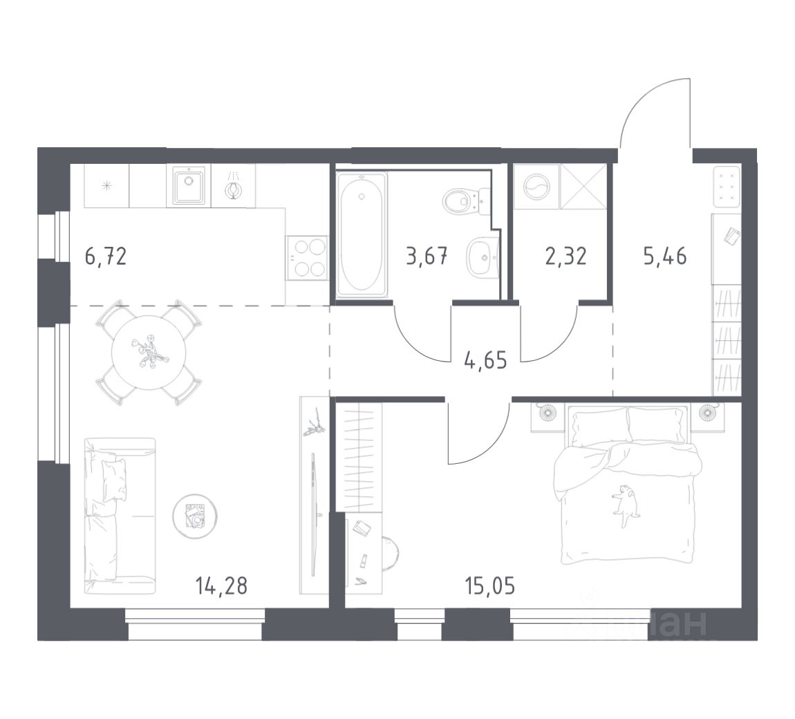 Общая площадь52,15 м2
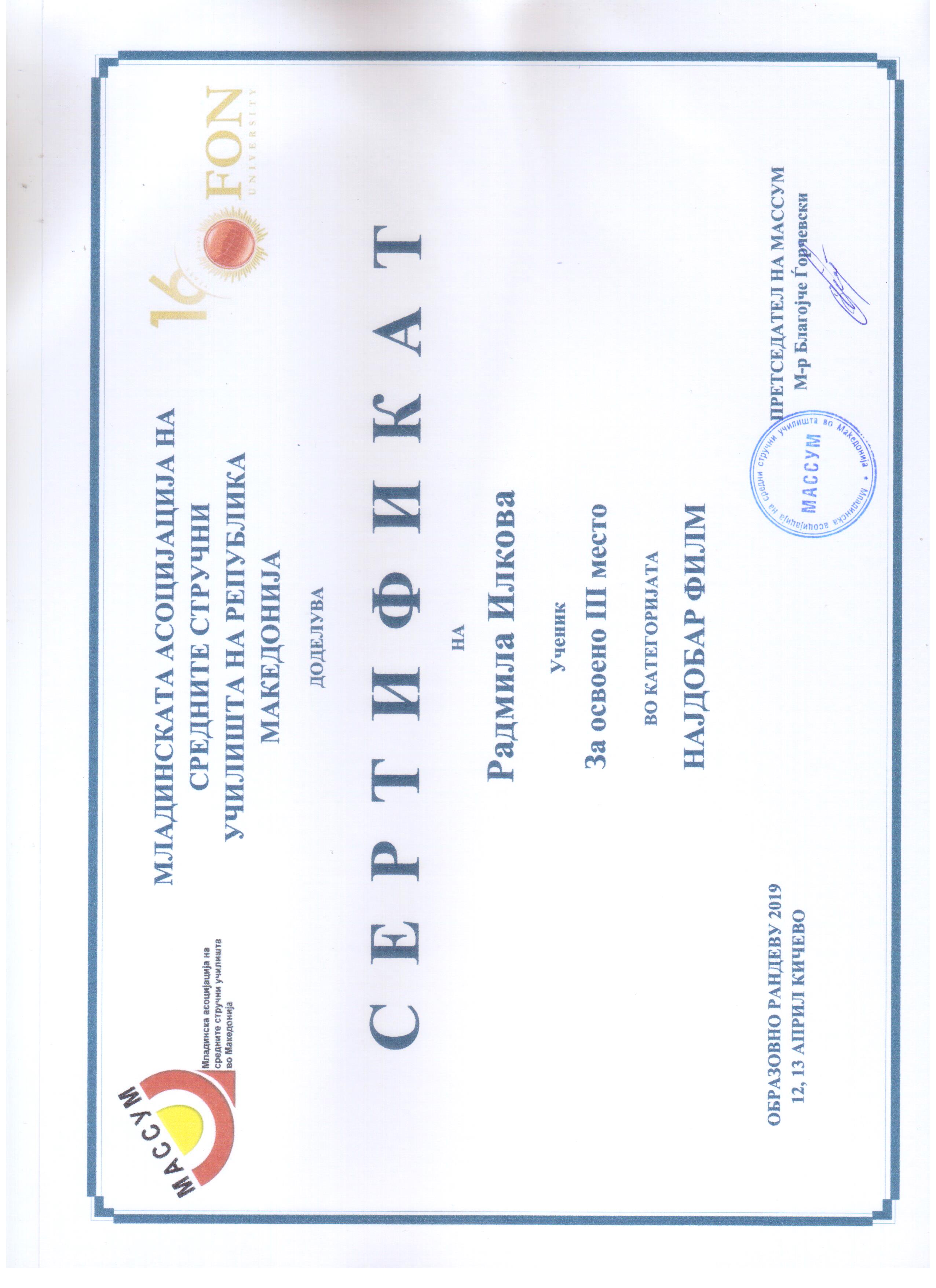| 12 - 13.04.2019 | Сертификат за ученик Радмила Илкова во категоријата Најдобар филм на Образовно Рандеву 2018 |
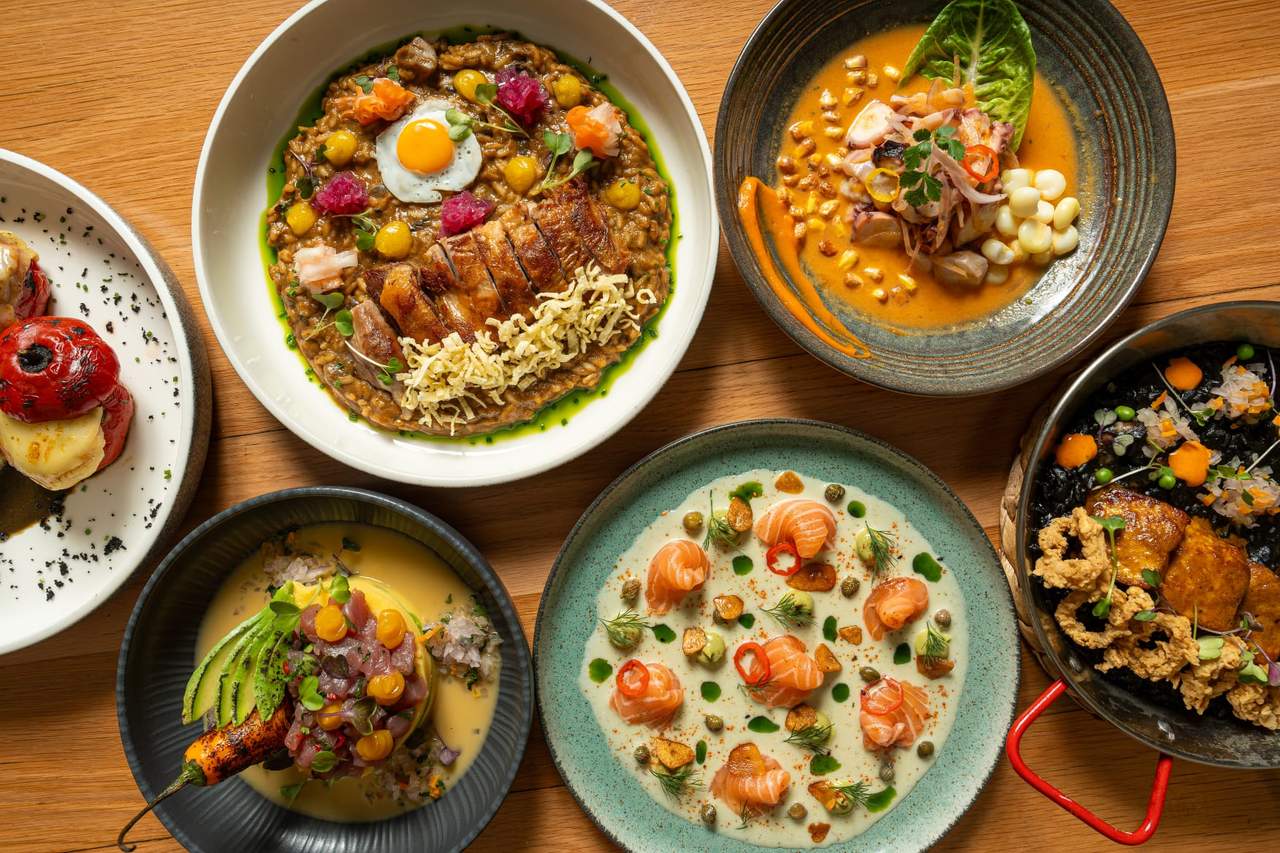 Corvina salvaje, pulpo, leche de tigre clásica, palta, alcaparras, ají limo, maíz chullpe crujiente, choclo, puré de camote y Evoo
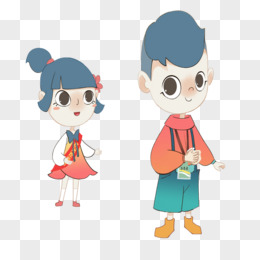 手绘卡通小朋友陪妈妈晒衣服免抠元素
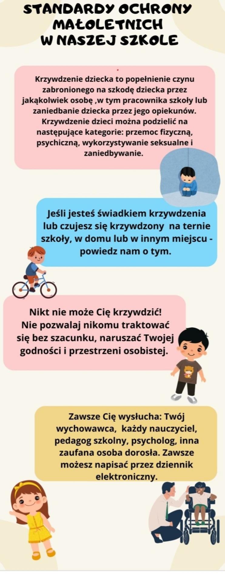 - JEŚLI sam/a doznajesz krzywdy lub jesteś świadkiem krzywdzenia innego ucznia to NATYCHMIAST powiedz o tym komuś dorosłemu:
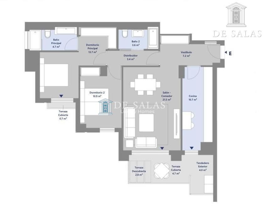 Este elegante piso de obra nueva destaca por una distribución equilibrada y funcional, pensada para maximizar el confort y la calidad de vida. Dispone de dos dormitorios, uno de ellos en suite, con vestidor y acceso directo a una terraza privada, creando un espacio íntimo y acogedor.

***

### PROBLEM DESCRIPTION
Beginning at the line that contains "- JEŚLI sam/a", transcribe it and every later line through the last line of the data above, exactly, and drop the pictures.

### SOLUTION FOR THIS TASK
 - JEŚLI sam/a doznajesz krzywdy lub jesteś świadkiem krzywdzenia innego ucznia to NATYCHMIAST powiedz o tym komuś dorosłemu:
 Este elegante piso de obra nueva destaca por una distribución equilibrada y funcional, pensada para maximizar el confort y la calidad de vida. Dispone de dos dormitorios, uno de ellos en suite, con vestidor y acceso directo a una terraza privada, creando un espacio íntimo y acogedor.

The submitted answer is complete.